Specialist psychology services for older people in community mental health teams are also being made more widely available, as is older people's access to psychological services aimed at those of working age. Therapists from the trust's working-age services deliver the resources and have worked collaboratively with older people specialists to develop appropriate skills. A Department of Health partnerships for older people's projects pilot is providing intensive home support in East Sussex to prevent unnecessary admissions, facilitate discharge from hospital and establish individual care regimes.
'We have also developed a joint mental health and primary care service for older people with milder mental health problems offering brief therapy interventions,' says John Beeton, service improvements and projects manager in East Sussex. 'It is needs-led, open to young and old and a further example of how we are trying to bring down the barriers between services.'
Further signs of encouragement come from the CSIP older people's mental health programme.
As Ruth Eley, who leads the programme's work on older and disabled people, explains: 'Age equality is at the heart of the programme and has two strands. First, promoting provision of services on the basis of need and not age and second making sure that mainstream services are skilled and competent in meeting the mental health needs of older people.'
The CSIP 'Let's Respect' campaign has initially been aimed at acute wards in general hospitals. Its toolkit - with presentation slides, a good practice guide and case studies - is designed to help nurses without mental health training recognise, understand and support older patients with depression, delirium or dementia.
'Managed learning networks encourage participants to explore particular themes in their workplaces and then share the lessons across the region,' adds Ms Eley. 'There is still work to be done, such as in areas where people with dementia are excluded from intermediate care, but equally there are examples of some very good redesign work coming through.'
The integrated community mental health team in Doncaster - part of Rotherham, Doncaster and South Humber Mental Health foundation trust - is a case in point.
'We used to have more than 120 beds,' says community mental health service manager for older people Wayne Goddard. 'They are now reconfigured and our service includes 40 assessment beds, 15 continuing care reassessment beds and a single point of access, the integrated community mental health team, providing home liaison, acute hospital liaison, memory clinics and talking therapies - all as part of a range of integrated care pathways.'
'About 50 per cent of care home residents will have some form of depression,' he adds. 'The integrated team works across 1,800 beds, helping staff to improve the quality of their care by showing residential staff how to work with memory loss, difficult behaviour and depression.'
The Doncaster team's work is one of the most notable signs that the health service is finally waking up to the mental health problems of over-65s - but the scale of the unmet need and projected rise in demand suggests that there is still a huge amount to do.
Mental health in older age
It is estimated that one in four elderly people suffer depression, yet the vast majority get no treatment for it.
A national campaign and pioneering trusts are showing how to meet the needs of this group in and out of hospital.
The spiralling number of elderly mentally ill means that more service change is urgently needed.
Let's Respect campaign: 'it had been waiting to happen for ages'
In the year since the launch of Let's Respect at St Helens and Knowsley trust, the care of older people in acute beds with depression, delirium or dementia has improved dramatically.
Let's Respect is a national campaign by the Care Services Improvement Partnership to improve the mental health of the elderly in hospitals. 'We timed our first presentation to coincide with the national launch,' says nurse consultant for older people's services Marie Barnes.
'The event was open invitation and we did the slide show.
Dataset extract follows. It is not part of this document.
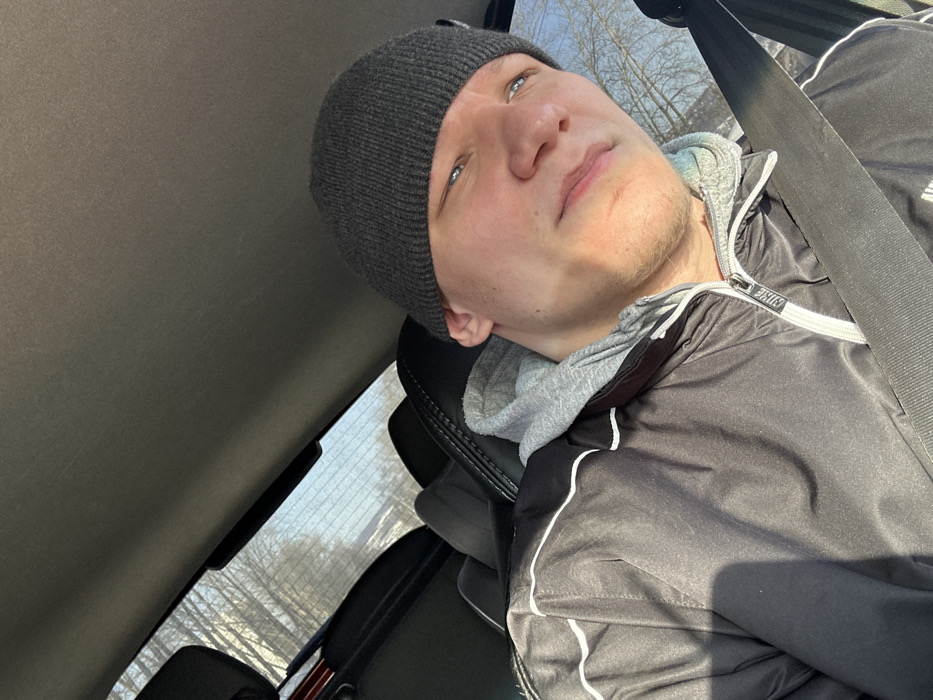 A light-skinned male individual, approximately 20-30 years of age, with blue eyes and light stubble along his jawline, is depicted seated within the interior of a vehicle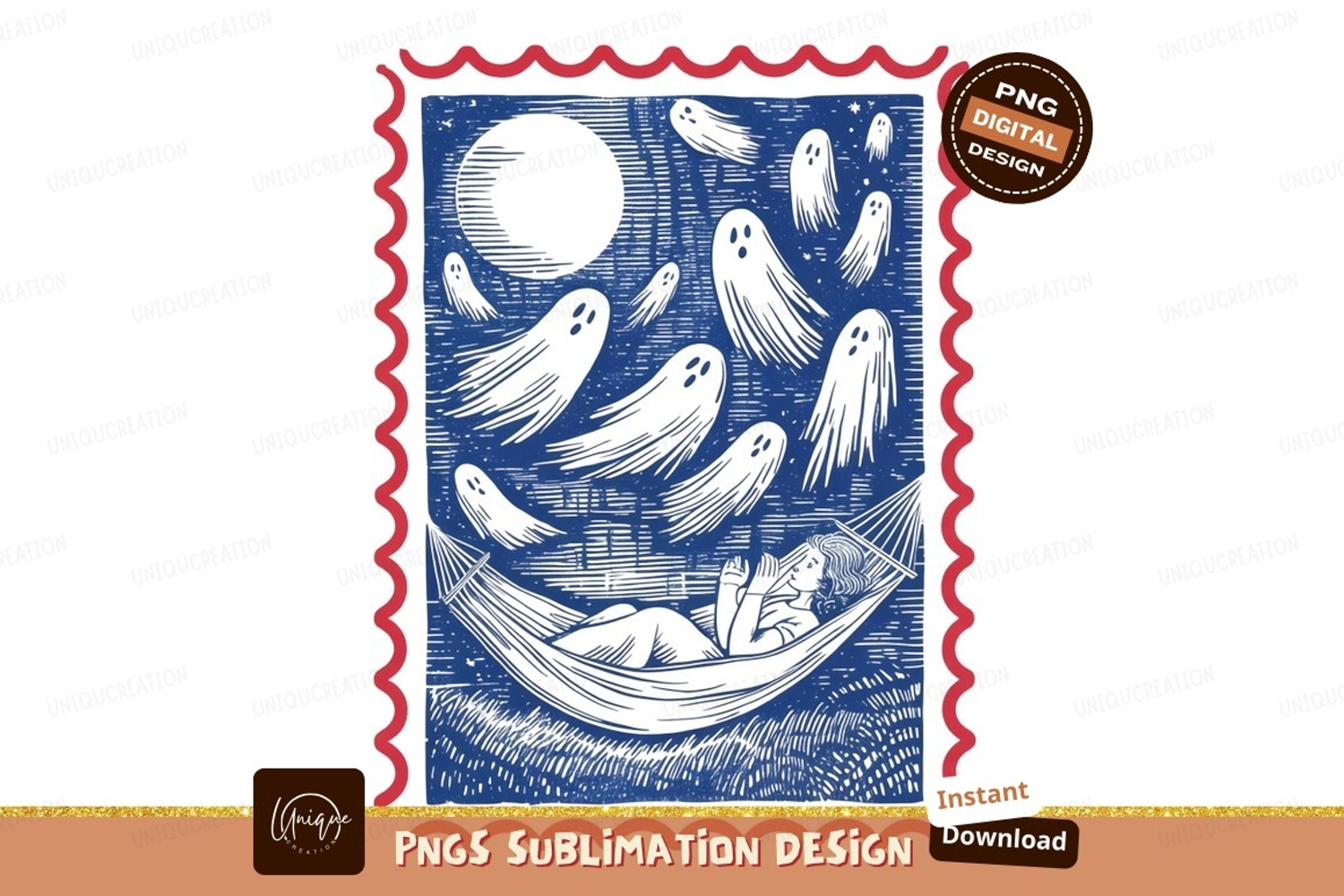 Similar Design Products to Person reading in hammock surrounded by ghosts night

The images of older people in care settings are very powerful and really helped people connect with the issues.'
Not that there was any shortage of enthusiasm. The mental health special interest group formed afterwards now has more than 50 members including doctors, nurses, allied health professionals and social workers - all keen to learn and make things better for this vulnerable group of patients.
'It had been waiting to happen for ages,' says Ms Barnes. 'We now have a delirium-prevention programme auditing numbers of ward moves and night-time sedation, depression is assessed earlier and considered in discharge planning, and we have liaised with [private finance initiative scheme] architects about environmental design.
She adds that the trust's care of the elderly training module now also includes a half-day session on mental health.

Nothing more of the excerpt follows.